**ASSIGNED TASK:** Find the line below with "Následně se do". Print it and every line after it exactly, through the last line, leaving out the pictures.

══════════════════════════════

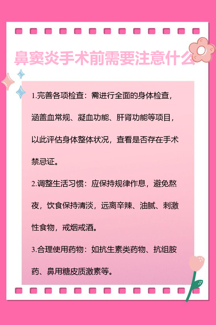 鼻窦炎手术前需要注意完善各项检查、调整生活习惯、合理使用药物等。
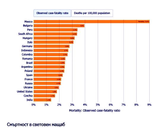 В Европа България е на първо място по процент починали от заразените с коронавирус. Следват я Унгария, Италия, Германия, Румъния, Полша, Испания, Франция.
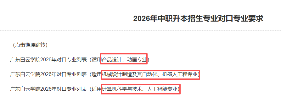 广东白云学院正在学校官网发布了2026年中职升本招生专业对口专业要求,别离是产物设想、动画、机械设想制制及其从动化、机械人工程、人工智能专业,本年没有新增专业。
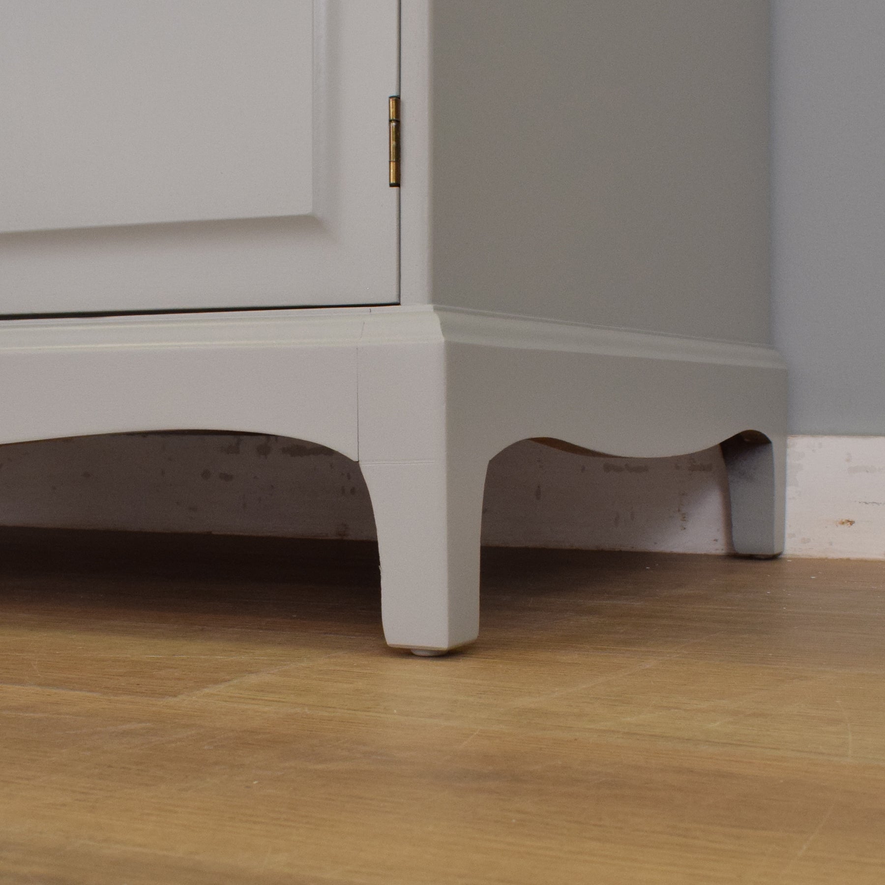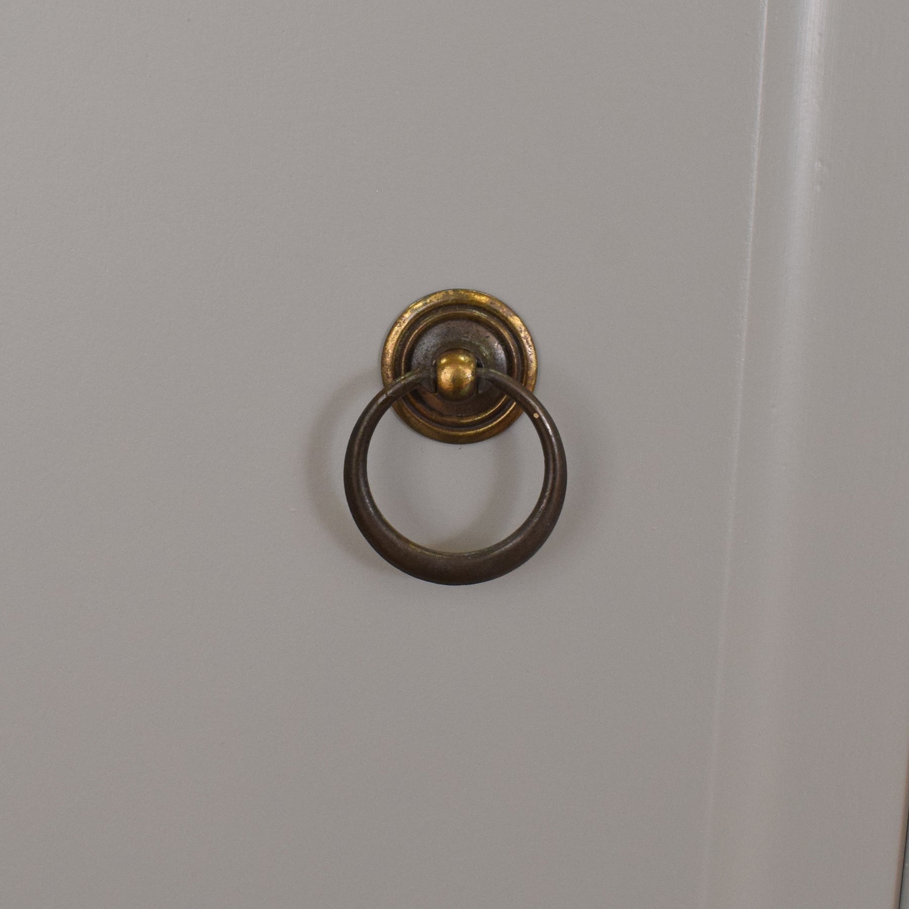 The item has been hand-sanded, cleaned, and multiple spray coats of soft grey paint have been applied, creating a smooth, consistent finish. This not only enhances the classic lines but also provides a fresh contrast to the traditional design. This item is made from cherry wood, with plywood used for the back and base.
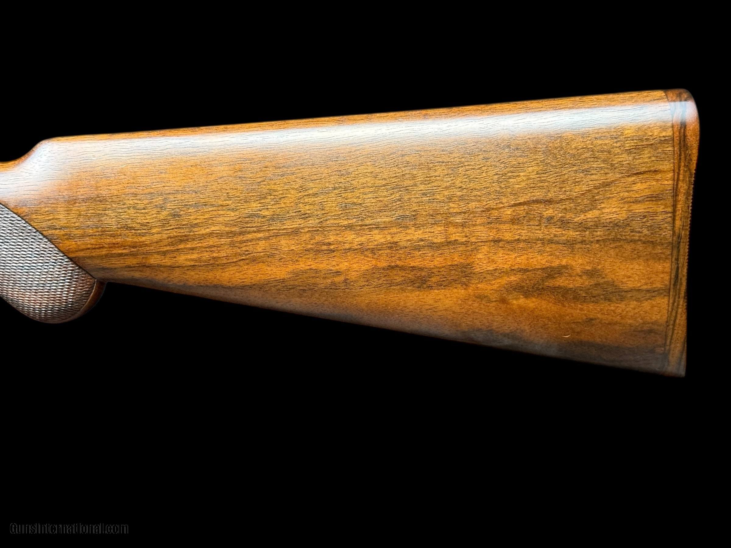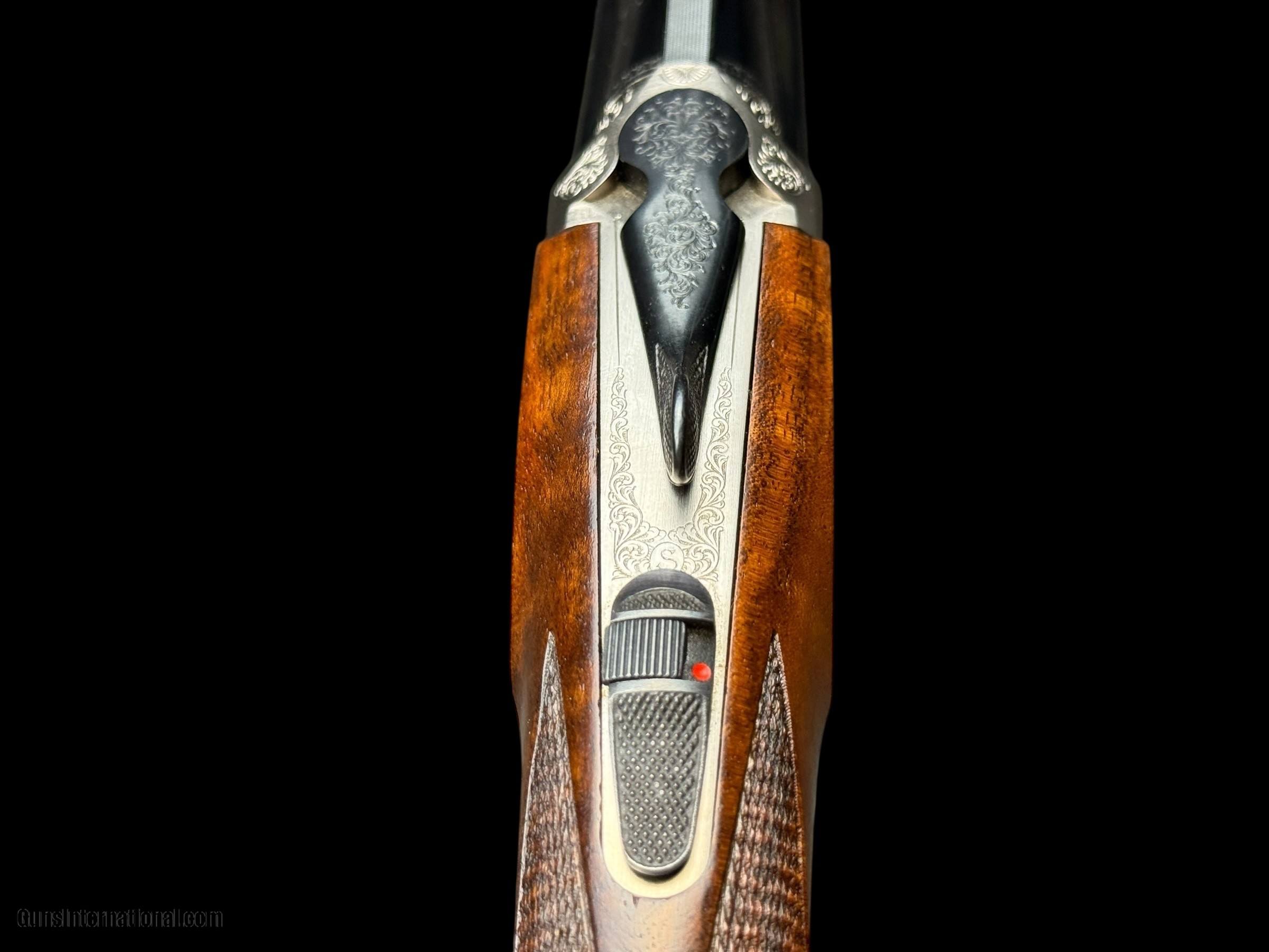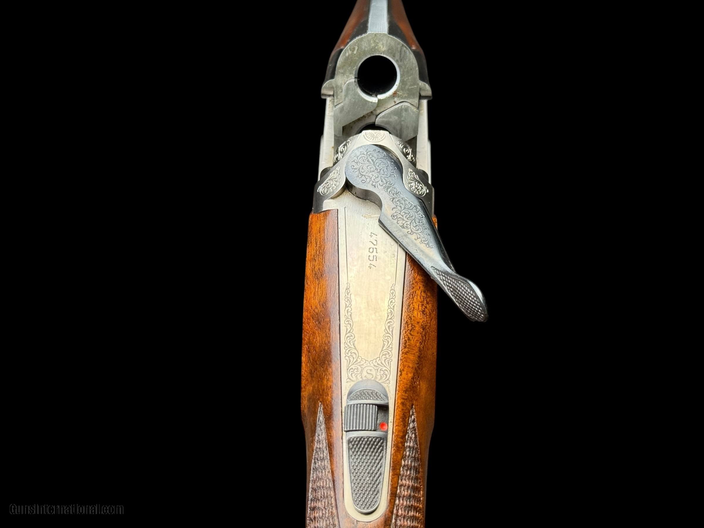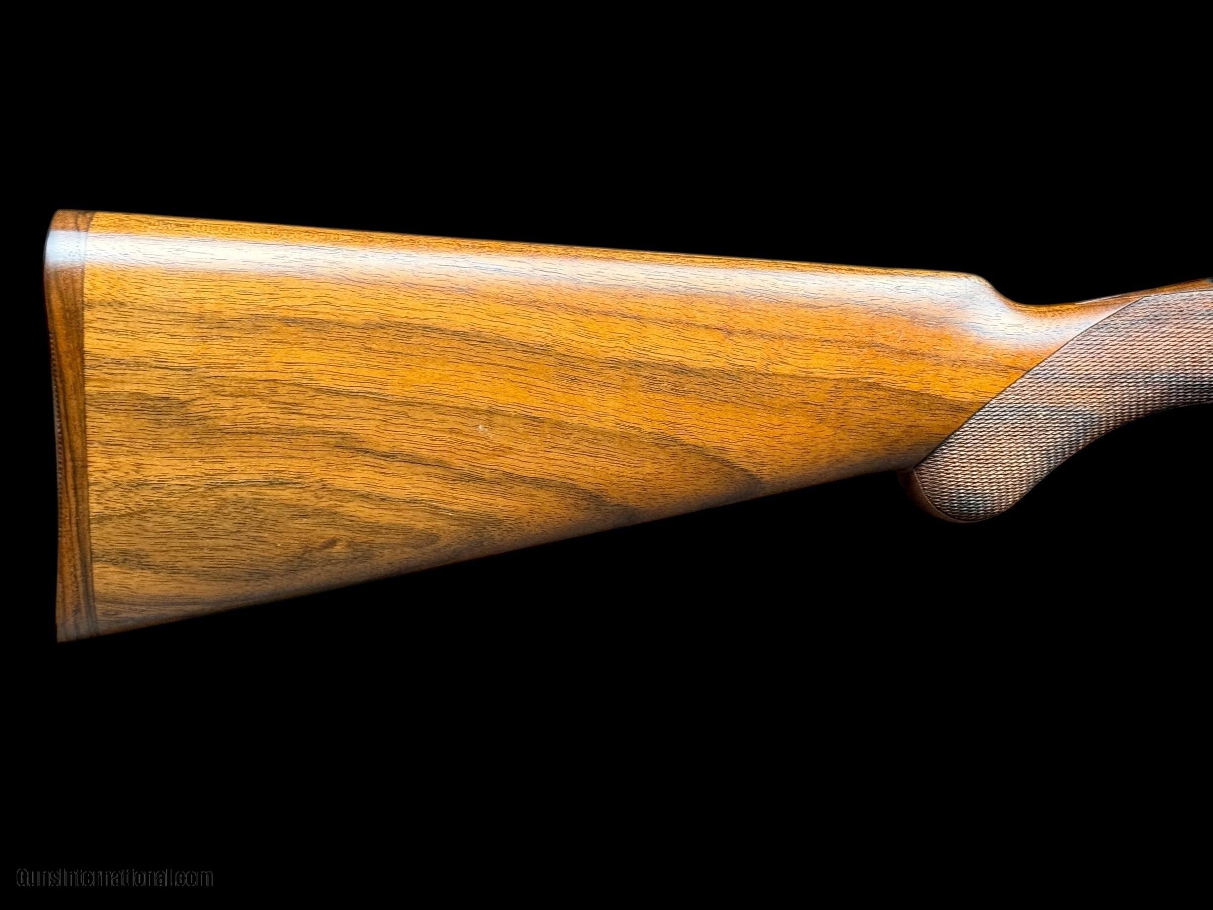 Description: B. RIZZINI - ITALY - MODEL: AURUM LIGHT O/U GAME GUN - COIN FINISHED SCROLL AND GOLD GAME SCENE ENGRAVED - 410 - 3" CHAMBERS - 26.5" VENT RIB BARRELS - CHOKES: IC/MOD - EJECTORS - SINGLE SELECTIVE GOLD TRIGGER - NICELY FIGURED STRAIGHT GRAIN WALNUT SEMI-PISTIL GRIP STOCK W/ POINT PATTERN CHECKERING - WALNUT BUTTPLATE - DIMS: LOP: 14 5/8" | DAC: 1 1/2" | DAH: 2 1/4" - WEIGHT: 4LBS 13OZ CONDITION: GUN IS IN EXCELLENT, LIKE NEW CONDITION SHOWING LITTLE SIGNS OF USE - GENTLEMEN, THIS IS A BEAUTIFUL LIGHTWEIGHT GAME GUN. YOU WILL KIKE THIS GUN! PLEASE CALL NOW! FFL REQUIRED - FLAT $50 S/H/I CARD FEE APPLIES Shotgun Gauge: .410 Gauge Manufacturer: RIZZINI Model: AURUM LIGHT Serial Number: 47654 Barrel Length: 26.5 Chambers: 3" - 76MM Ejectors: YES Condition: MINT Metal Condition: MINT Wood Condition: MINT Bore Condition: MINT Action: BOXLOCK EJECTOR Triggers: SINGLE SELECTIVE Price: $2,950.00 Contact Seller |
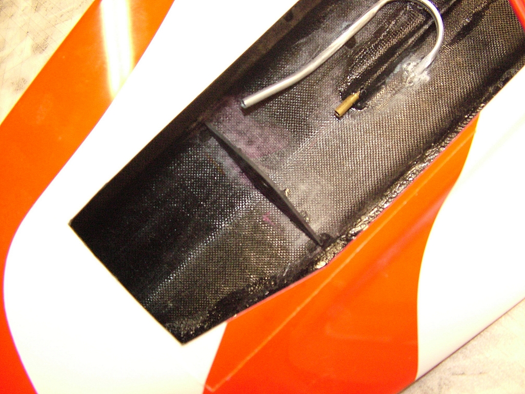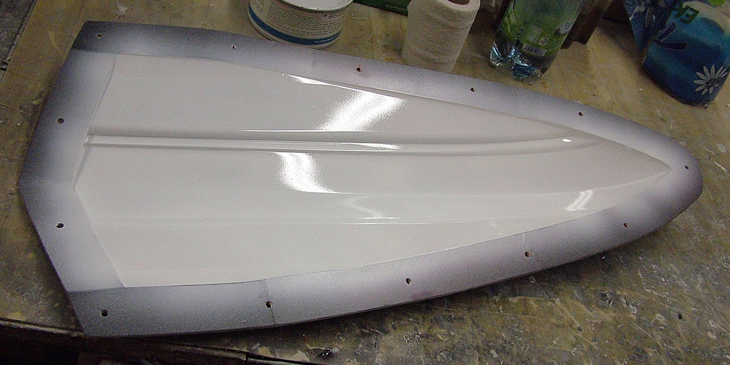 Následně se do lodi vyřízne otvor, kterým se bude do jejího vnitřku ukládat vybavení modelu. Otvor se samozřejmě musí taktéž zabrousit, aby neměl ostré hrany. Další operací je vlepení dvojdílné přepážky převracecí komory dovnitř trupu. Přepážka vytvoří komoru, která slouží pro převrácení modelu zpět do správné polohy, když dojde při jízdě jakýmkoliv způsobem k jeho převrácení dnem vzhůru.
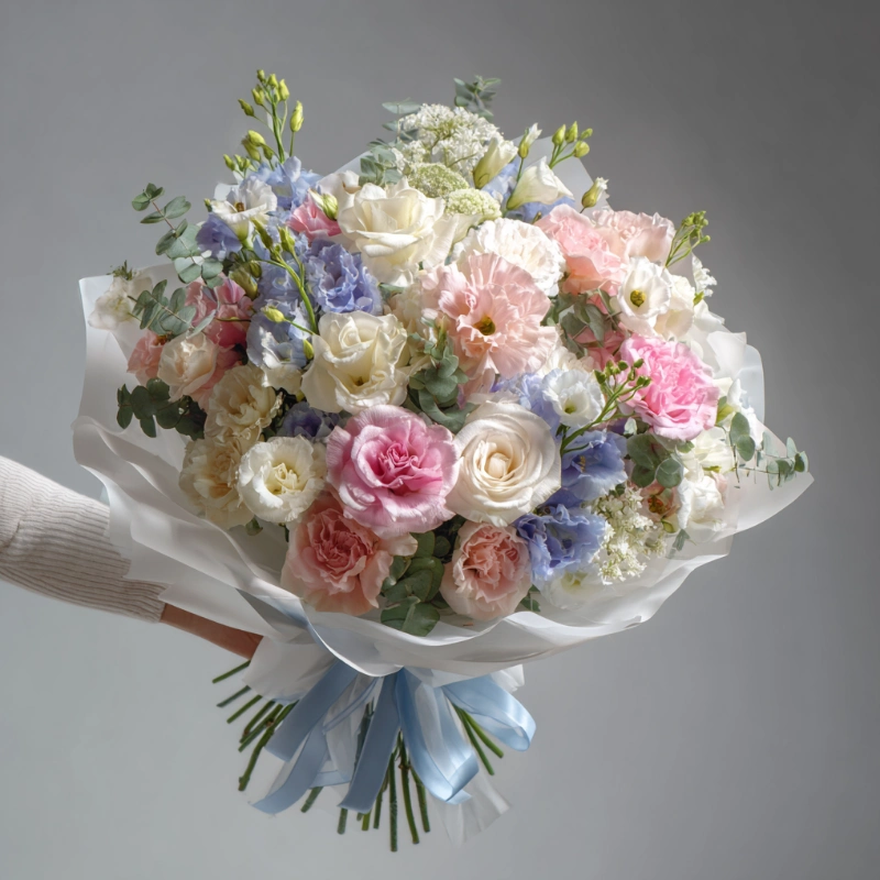 Свежий и чувственный букет с эустомами пастельных оттенков. Он словно вдох новизны — лёгкий, весенний, чистый. Прекрасен как для романтичного повода, так и для спонтанного знака внимания.

══════════════════════════════

**RESULT BELOW:**
 Následně se do lodi vyřízne otvor, kterým se bude do jejího vnitřku ukládat vybavení modelu. Otvor se samozřejmě musí taktéž zabrousit, aby neměl ostré hrany. Další operací je vlepení dvojdílné přepážky převracecí komory dovnitř trupu. Přepážka vytvoří komoru, která slouží pro převrácení modelu zpět do správné polohy, když dojde při jízdě jakýmkoliv způsobem k jeho převrácení dnem vzhůru.
 Свежий и чувственный букет с эустомами пастельных оттенков. Он словно вдох новизны — лёгкий, весенний, чистый. Прекрасен как для романтичного повода, так и для спонтанного знака внимания.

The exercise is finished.